Watch the teacher solve the problem with clear explanations

00:00 Find the vertex of the parabola

00:03 We'll use the formula to describe the parabola function

00:08 The coordinates of the vertex are (P,K)

00:12 We'll use this formula and find the vertex point

00:16 We notice that according to the formula, the term P is negative

00:27 We'll substitute appropriate values according to the given data

00:30 And this is the solution to the question

Step-by-step written solution

Follow each step carefully to understand the complete solution

Understand the problem

Find the vertex of the parabola

$y=(x+2)^2-2$

Step-by-step solution

To solve the problem of finding the vertex of the parabola represented by $y = (x+2)^2 - 2$ , consider the form of the equation.

This equation is written in the vertex form of a quadratic function, which is given by:

$y = a(x-h)^2 + k$

where $(h, k)$ is the vertex of the parabola.

Comparing $y = (x+2)^2 - 2$ with the standard form $y = a(x-h)^2 + k$ , we identify:

$h = -2$ because the expression is $(x - (-2))^2$
$k = -2$

Therefore, the vertex of the parabola is $(-2, -2)$ .

The correct answer is $(-2, -2)$ .

Final Answer

$(-2,-2)$

Key Points to Remember

Essential concepts to master this topic

Vertex Form: In $y = a(x-h)^2 + k$ , vertex is always $(h, k)$
Sign Rule: For $(x+2)^2$ , rewrite as $(x-(-2))^2$ so h = -2
Verify: Substitute x = -2: $y = (-2+2)^2 - 2 = 0 - 2 = -2$ ✓

Common Mistakes

Avoid these frequent errors

Misidentifying the h-value from (x+2)²
Don't think h = +2 just because you see +2 in the parentheses = wrong vertex (2,-2)!
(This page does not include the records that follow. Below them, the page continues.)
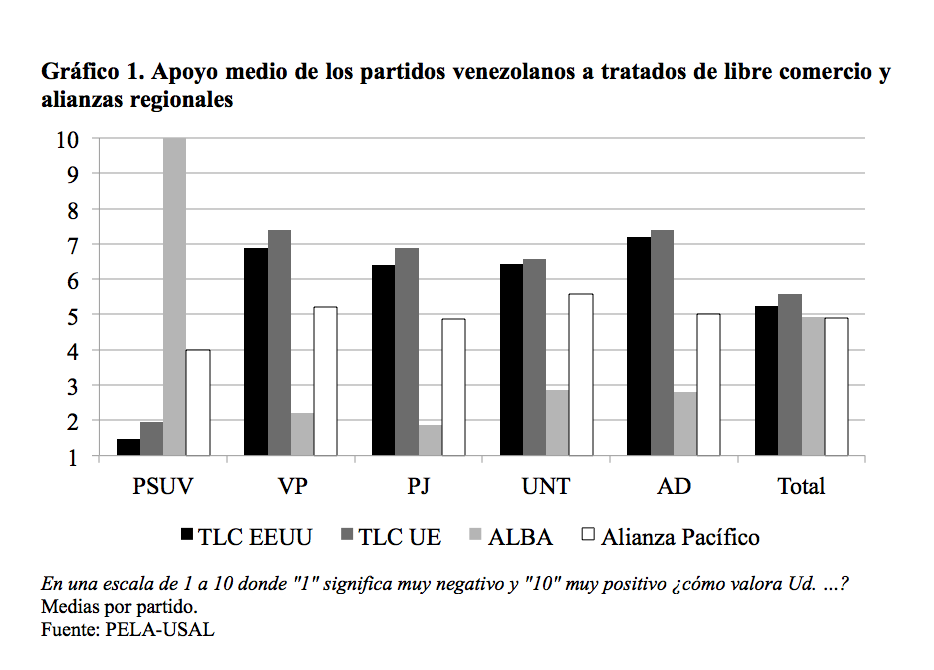 Como en cualquier otro país de América Latina, el cambio de correlación de fuerzas implica un reposicionamiento en la esfera internacional. A pesar de que somos conocedores de la opinión que tienen una gran mayoría de gobiernos y partidos políticos sobre los diferentes actores políticos venezolanos, no sabemos cuáles son las opiniones de la élite política venezolana sobre la esfera internacional, en especial en lo concerniente a alianzas y tratados comerciales. El análisis de las posiciones de la élite legislativa sobre las relaciones internacionales se hace a través de la base de datos de Élites Latinoamericanas de la Universidad de Salamanca (PELA-USAL), que incluye entrevistas a los diputados venezolanos en 2016.
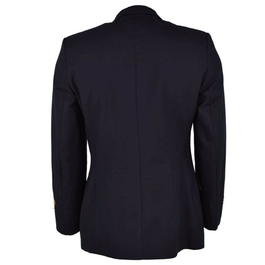Insgesamt kombiniert die marineblaue Jacke klassischen Militärstil mit moderner Zweckmäßigkeit. Es ist perfekt für formelle Veranstaltungen oder jeden Anlass, der einen Hauch von Eleganz erfordert. Die blaue Farbe, die als tiefes Marineblau erscheint, verstärkt seinen vielseitigen Reiz. Ob für feierliche Anlässe oder um Ihrer Kollektion eine vornehme Note zu verleihen, diese Jacke bietet sowohl Stil als auch Funktion.
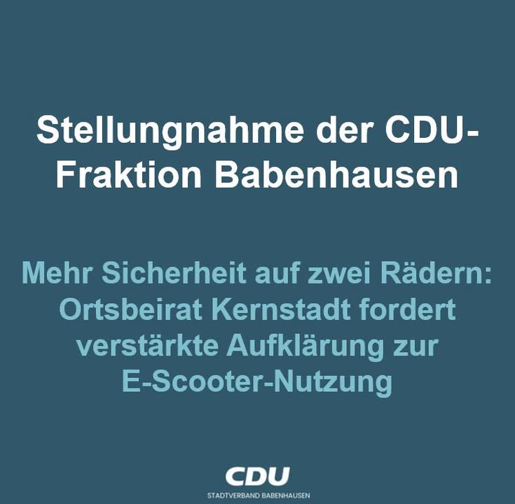 Stellungnahme der CDU-Fraktion BabenhausenMehr Sicherheit auf zwei Rädern: Ortsbeirat Kernstadt fordert verstärkte Aufklärung zur E-Scooter-NutzungImmer schneller, immer riskanter ? das Bild auf den Straßen der Kernstadt hat sich mit dem Boomder E-Scooter deutlich verändert. Was für viele eine praktische und umweltfreundlicheMobilitätsform ist, sorgt zugleich für wachsende Sorgen um die Verkehrssicherheit. Immer wiederwerden zu hohe Geschwindigkeiten, riskante Fahrmanöver und das Fahren zu zweit auf einemScooter beobachtet.Um diesen Entwicklungen entgegenzuwirken, hat der Ortsbeirat Kernstadt in seiner Sitzung am 08.Oktober 2025 auf Antrag von Ortsvorsteherin Monika Heinlein beraten, wie die Sicherheit imStraßenverkehr verbessert werden kann. Ursprünglich war eine verstärkte Kontrolle durch Polizeiund Ordnungsamt vorgesehen. Im Verlauf der Diskussion einigten sich die Mitglieder jedoch darauf,den Fokus stärker auf Aufklärung und Sensibilisierung zu legen ? mit dem Ziel, nicht nur zu ahnden,sondern dauerhaft verantwortungsbewusstes Verhalten und gegenseitige Rücksichtnahme zufördern.Der geänderte Antrag sieht daher vor, den Magistrat gemeinsam mit der Verwaltung, demOrdnungsamt und der Polizei um verstärkte Aufklärungsmaßnahmen hinsichtlich überhöhterGeschwindigkeiten und der Mehrfachnutzung von E-Scootern zu bitten."Viele Menschen sind sich der Risiken gar nicht bewusst ? ein kurzer Moment der Unachtsamkeitoder eine zweite Person auf dem Scooter kann schwerwiegende Folgen haben", betonte Heinlein."Aufklärung ist der Schlüssel, um Unfälle zu verhindern und das rücksichtsvolle Miteinander imStraßenverkehr zu stärken."Der Antrag in seiner geänderten Fassung wurde mit 6 Stimmen dafür, keiner Gegenstimme und 1Enthaltung (Fraktion Bündnis 90/Die Grünen) angenommen.Mit den geplanten Informationskampagnen und gezielten Sensibilisierungsmaßnahmen soll künftigvor allem in stark frequentierten Bereichen ? etwa in der Bummelgasse, auf Schulwegen und entlangder B26 ? für mehr Sicherheit und gegenseitige Rücksichtnahme gesorgt werden.
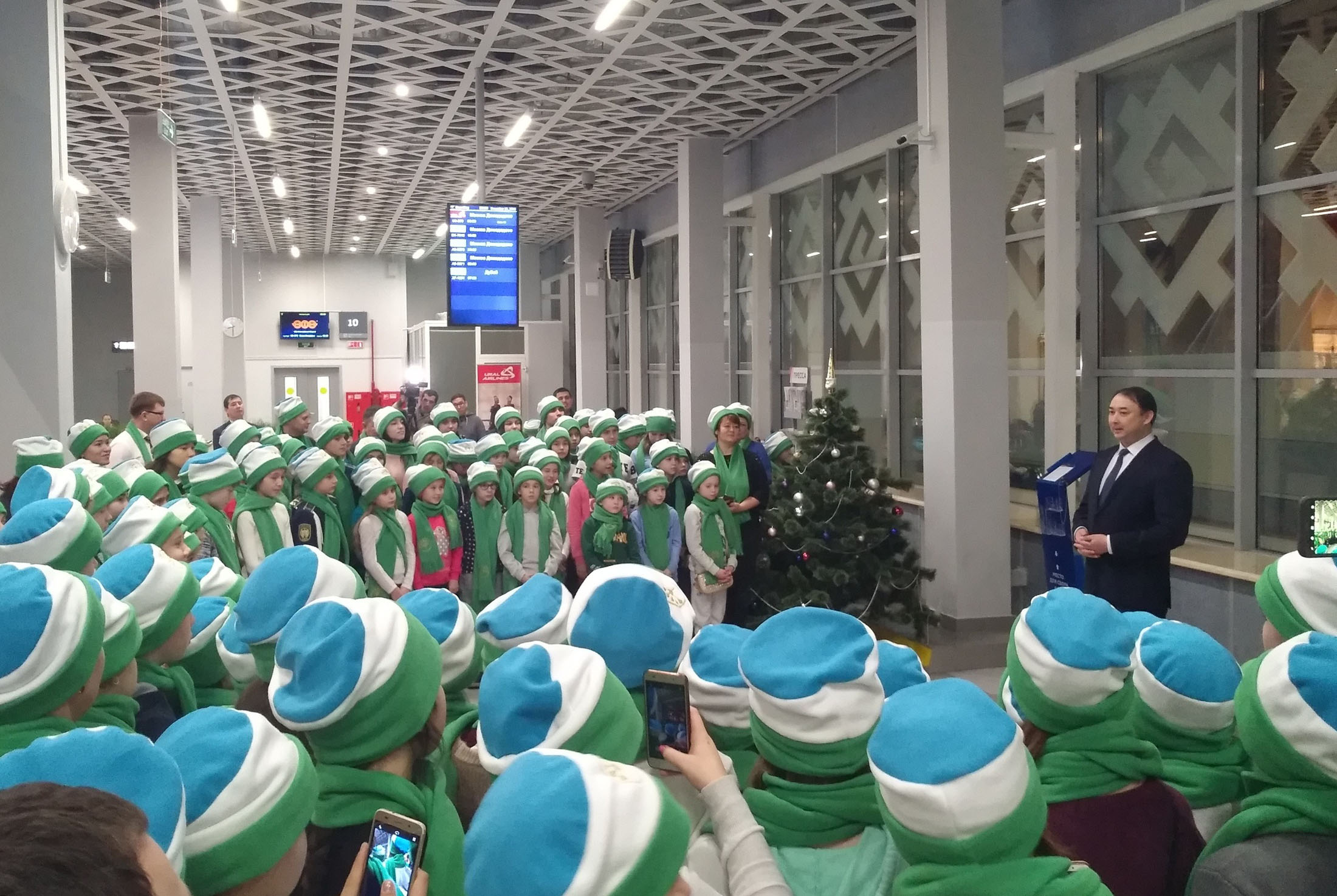 Для регистрации были выделены отдельные стойки, после чего сотрудники аэропорта проводили ребят в зал ожидания, где они могли поближе познакомиться друг с другом, пообщаться и сфотографироваться у елки.
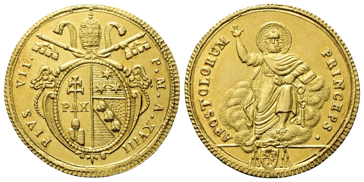 Dr. PIVS VII• - P•M•A•XVIII. Stemma ovale in cornice sormontato da triregno e chiavi decussate. Rv. APOSTOLORUM - PRINCEPS•. San. Pietro nimbato seduto di fronte sulle nubi, benedice con la d. e tiene chiavi con la s.; in esergo, stemma Zambelli de Turribus.

The vertex form is (x-h)², so (x+2)² means (x-(-2))², making h = -2. Always rewrite (x+number)² as (x-(-number))² to find h correctly.

Practice Quiz

Test your knowledge with interactive questions

The following function has been graphed below:

$$ f(x)=x^2-6x $$

Calculate point C.

FAQ

Everything you need to know about this question

Why is the x-coordinate negative when I see +2 in the equation?

The vertex form is $y = a(x-h)^2 + k$ with a minus sign before h. When you see $(x+2)^2$ , think of it as $(x-(-2))^2$ , so h = -2.

How do I remember which coordinate is which?

Use the memory trick: h comes before k in the alphabet, and x comes before y in coordinates. So vertex = (h, k) = (x-coordinate, y-coordinate).

What if the equation doesn't look like vertex form?

If you see $y = ax^2 + bx + c$ , you need to complete the square first to convert it to vertex form. But this equation is already in vertex form!

Can I check my vertex answer somehow?

Yes! Substitute the x-coordinate back into the equation. You should get the y-coordinate. For (-2, -2): $y = (-2+2)^2 - 2 = 0 - 2 = -2$ ✓

Does the 'a' value affect the vertex location?

No! The coefficient 'a' only affects how wide or narrow the parabola is and whether it opens up or down. The vertex (h, k) stays the same regardless of 'a'.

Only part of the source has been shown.